Я помню: если они чего-то не понимали, он кричал на весь рассадник: «Есть здесь кто-нибудь, кто кончил среднюю школу? Ты? У тебя хватает терпения возиться с детьми? Тогда, пожалуйста, посиди с ними минутку и помоги им с уроками». И если они приводили с собой товарищей по классу, то и те после одного обеда у Эйтана уже не хотели есть у своих матерей, и в скором времени здесь образовался настоящий летний лагерь. Лагерь для детей двух возрастов — сорока-пятидесяти и пяти-шести лет. Знаете что — запишите все-таки эту «пойке» в свою тетрадку! Если бы мы продолжали варить в таких чугунках на кострах, может, и весь сионизм выглядел бы сегодня немного иначе.
Глава десятая
— Разве мы договорились на сегодня?
— Нет. Но я была у ваших соседей и решила зайти поздороваться.

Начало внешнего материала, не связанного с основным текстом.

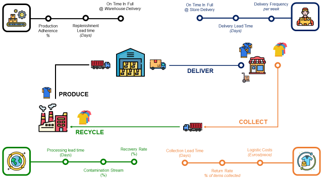 Logistic Costs (Euros/piece), Ratio of Returned Items (%) and Collection Lead Time (Days) - Identifying potential improvements for the recycling process with Recovery Rate (%), Contamination Stream (%) and Processing Lead Time (Days)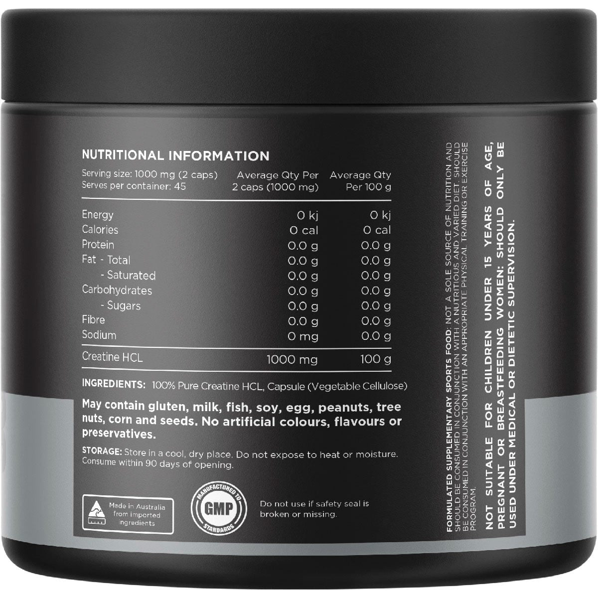 100% Pure Creatine HCL, Capsule (Vegetable Cellulose).

— Очень мило с вашей стороны. Совсем как в том анекдоте про медведя на Аляске, который говорит охотнику: «Сдается мне, что ты не ради охоты возвращаешься сюда раз за разом». Не знаете? Ладно, может, когда вы немного повзрослеете и мы познакомимся поближе, я вам его расскажу. Сейчас мы с вами еще не на том этапе, когда я могу вам рассказывать такие непристойные анекдоты. Хотите чего-нибудь попить? Может, вместо чая с лимоном выпьете лимончелло а-ля Довик? Я как раз налила себе. Вы поймали меня на горячем. Вот, попробуйте? Вкусно?
— Очень. Но я не привыкла пить. И уж тем более в такое время…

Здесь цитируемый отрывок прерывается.